On appeal from the Superior Court of New Jersey, Chancery Division, Probate Part, Ocean County, Docket No. C-158656.

Per curiam.


Argued March 17, 2010

Before Judges Axelrad, Fisher and Espinosa.

The estate's sole beneficiary, Anthony J. Napoleon, Jr. (Anthony), moved for leave to appeal an order that compelled the sale of a condominium unit owned by the estate; the order was intended to provide the illiquid estate with funds to address various obligations. We granted leave to appeal and consolidated the matter with an appeal filed by a former co-administrator seeking review of orders that enjoined disbursements and imposed sanctions. We affirm the orders regarding the sale of the condominium unit and affirm in part and reverse in part the orders concerning the injunction.


Anthony J. Napoleon (decedent) was murdered, along with Josephine O'Brien, at their home in Toms River on May 7, 2004. Decedent's Last Will and Testament left certain specific real estate and property interests to Josephine. Because Josephine was murdered at the same time, bequests made to her became part of the remainder, and that remainder, which decedent directed be placed in a credit-shelter trust, likely passed equally to Josephine's son, Peter O'Brien (O'Brien), and Anthony. O'Brien, however, was charged with the murder of both his mother and decedent, and later waived his interest in decedent's estate.*fn1

See, e.g., N.J. Div. of Youth & Family Servs. v. M.W., 398 N.J. Super. 266, 298 (App. Div. 2008); Estate of Kalfas v. Kalfas, 81 N.J. Super. 435, 437-39 (Ch. Div. 1963). As a result, Anthony became the sole beneficiary of the estate.

The record reveals that the estate's administration has been fraught with inconstancy. William Moscatello, Esq., who was named in the Will as executor, qualified and held that position for a while. However, he successfully petitioned for relief from that position on February 18, 2005. The judge handling the matter at the time replaced the executor with James J. Curry, Jr., Esq., over Anthony's objection; that appointment was followed by conflicts between Curry and Anthony.

In April 2006, Curry agreed to step aside in favor of Anthony, but the judge insisted an attorney act with Anthony and, as a result, on May 25, 2006, appointed Ronald P. Colicchio, Esq., and Anthony as co-administrators. Curry, however, with the consent of the substitute co-administrators, continued to represent the estate in other suits then and still pending.

By order entered on July 25, 2008, the judge discharged Colicchio and Anthony as substitute co-administrators; in their stead, the judge appointed Frank J. Dupignac, Jr., Esq. as successor substitute administrator. Dupignac continues to hold that office.

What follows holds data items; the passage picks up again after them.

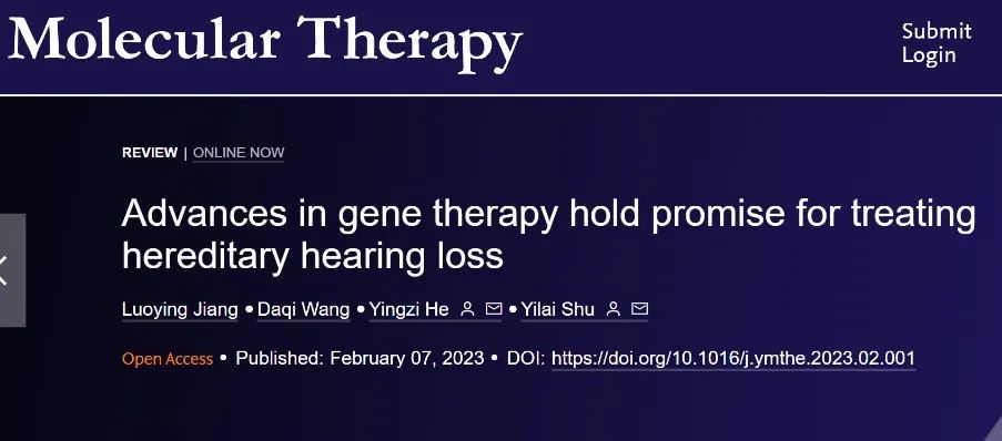 2023年4月5日,复旦大学附属眼耳鼻喉科医院舒易来教授团队在美国细胞与基因治疗学会会刊 Molecular Therapy上发表了题为:Advances in gene therapy hold promise for treating hereditary hearing loss 的综述论文。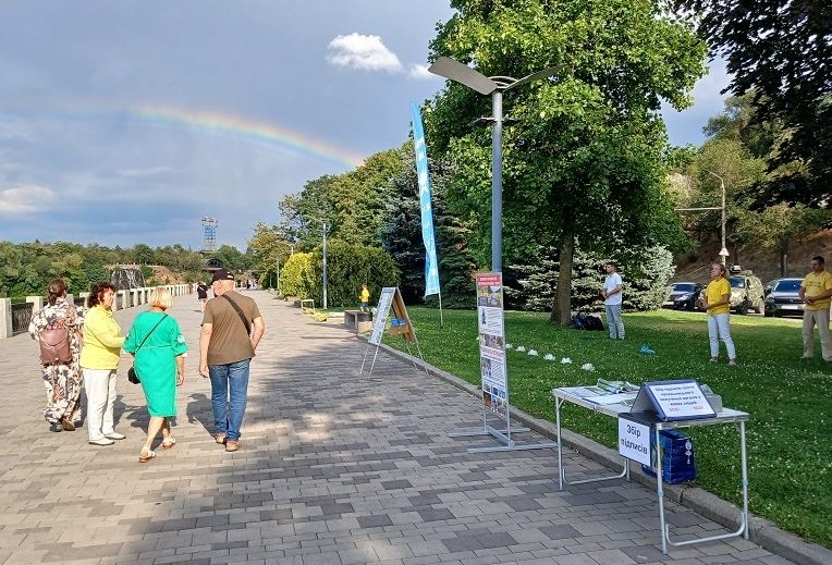 ![]() 图1:二零二五年七月二十日,法轮功学员在乌克兰第聂伯市河堤举办活动 |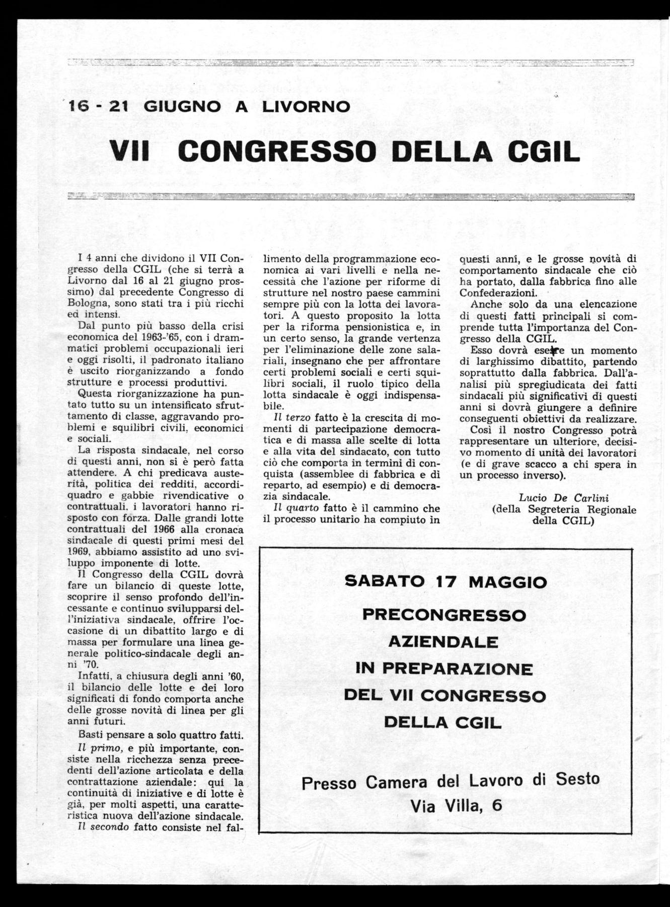 Esso dovrà esekre un momento di larghissimo dibattito, partendo soprattutto dalla fabbrica. Dall'analisi più spregiudicata dei fatti sindacali più significativi di questi anni si dovrà giungere a definire conseguenti obiettivi da realizzare.

As can be seen, numerous attorneys have been involved in the administration of this estate to date. In addition, some of the attorney-administrators also retained their own counsel. And the record also reflects the occasional appearances of other attorneys whose involvement in this case we have no way of understanding from the record on appeal. Considerable attorneys' fees have been generated as a result.

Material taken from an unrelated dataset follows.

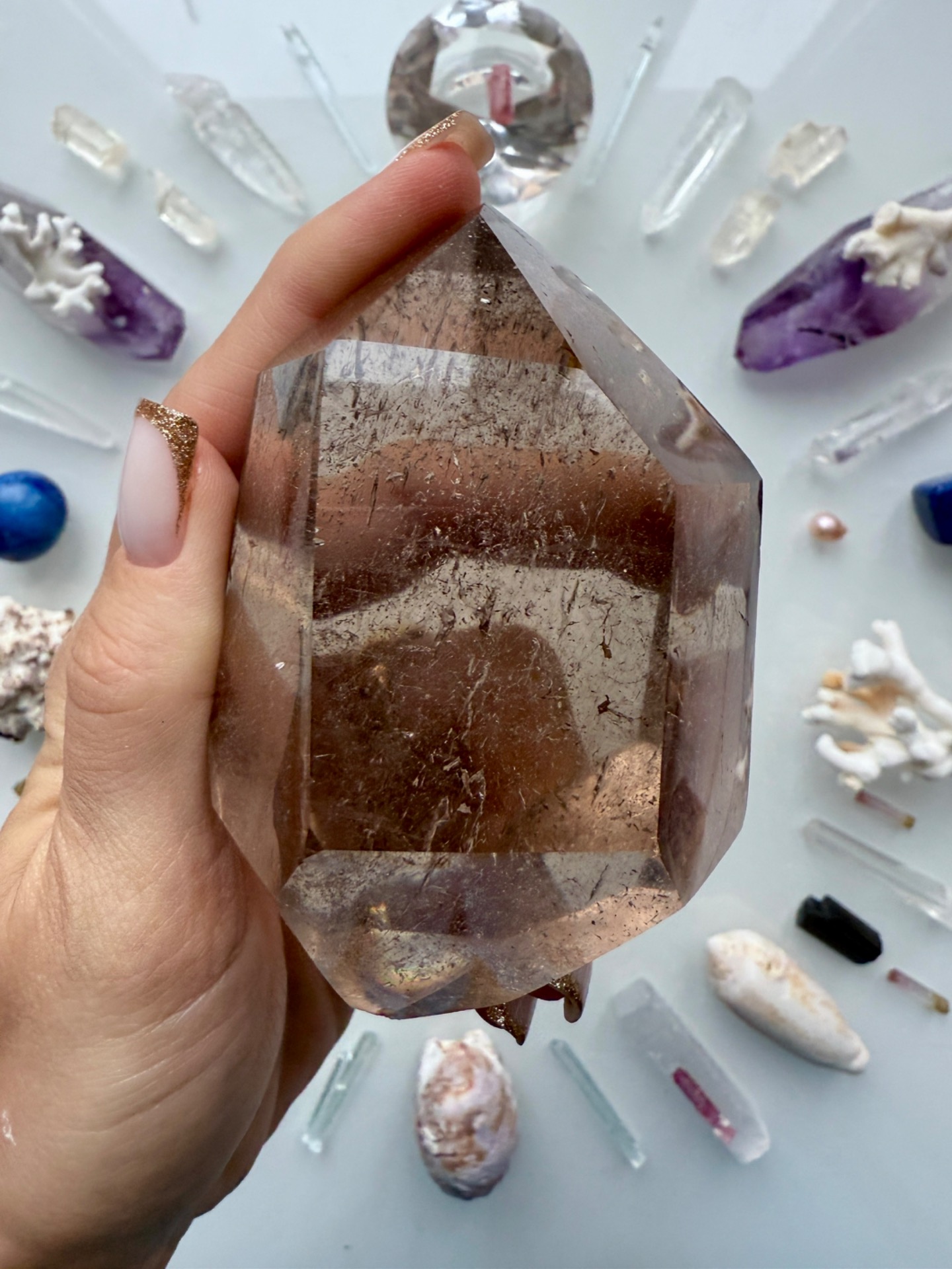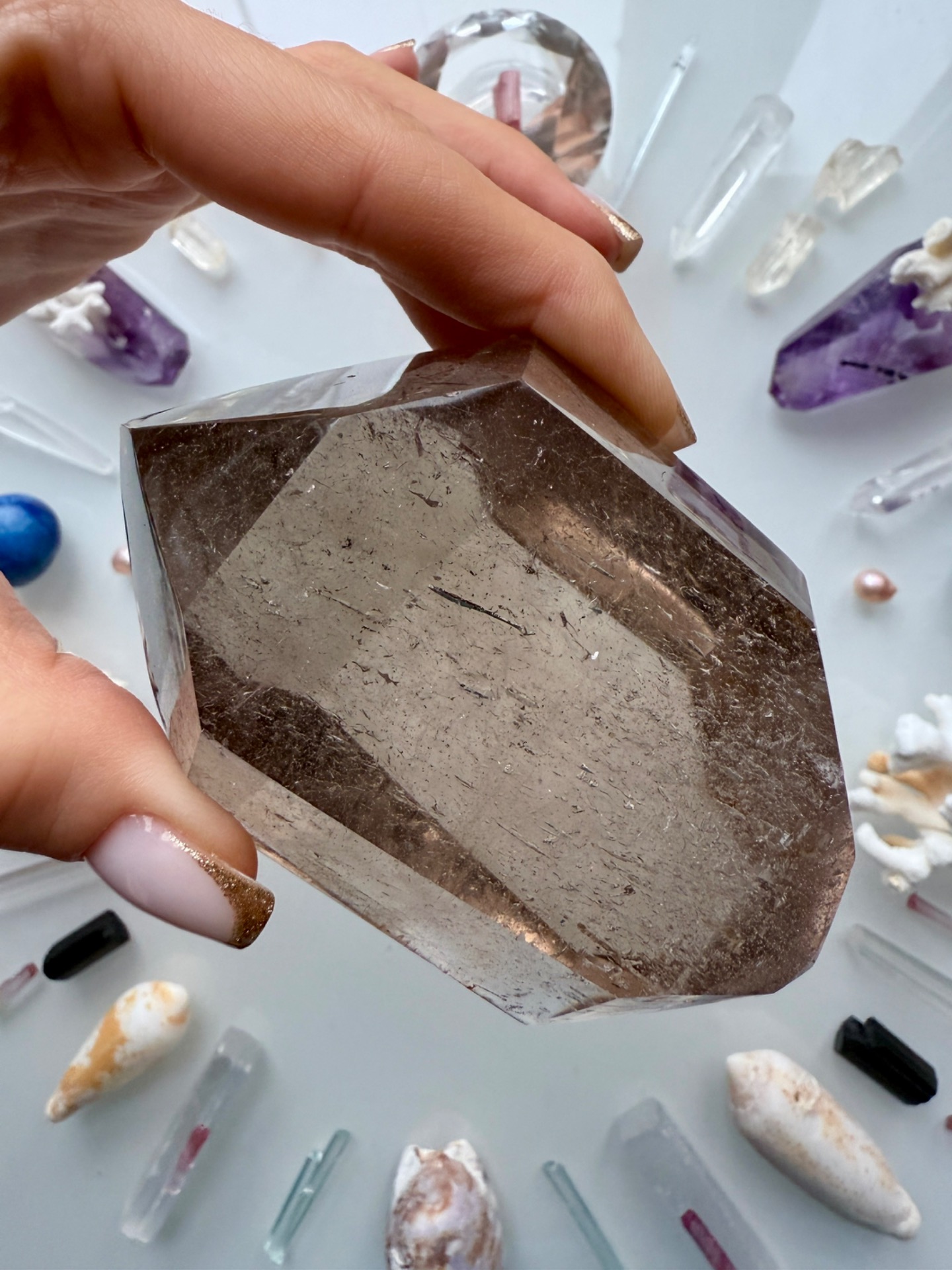 Krásná oboustranná záhněda jak pracovní krystal do ruky.

The record also provides an incomplete picture of the estate's assets and their current status. The estate has been involved in various lawsuits regarding assets or interests that decedent may or may not have held at the time of death. The record on appeal, however, does not contain certain pleadings or other relevant materials from these lawsuits, thereby precluding a complete understanding of their nature or impact on the administration of the estate. While the estate has been extensively involved in one suit in which it would appear to have no great interest,*fn2 the record also suggests a general disregard for decedent's Florida home, which has fallen into default and faces foreclosure.

The current substitute administrator has asserted that the estate has insufficient funds to bring the Florida mortgage current or to pay taxes or other obligations on two Hoboken condominium units. As summarized by the current administrator in a certification filed in the trial court:

When turned over to me the [e]state account had a negative balance and the mortgage on the Florida home owned by the decedent was in default. There were judgments for [c]court ordered fees in excess of $500,000.00. The [e]state was involved in four separate law suits in two counties. There were condominium fees and real estate taxes due. While the [e]state had assets, it had no funds to meet those expenses.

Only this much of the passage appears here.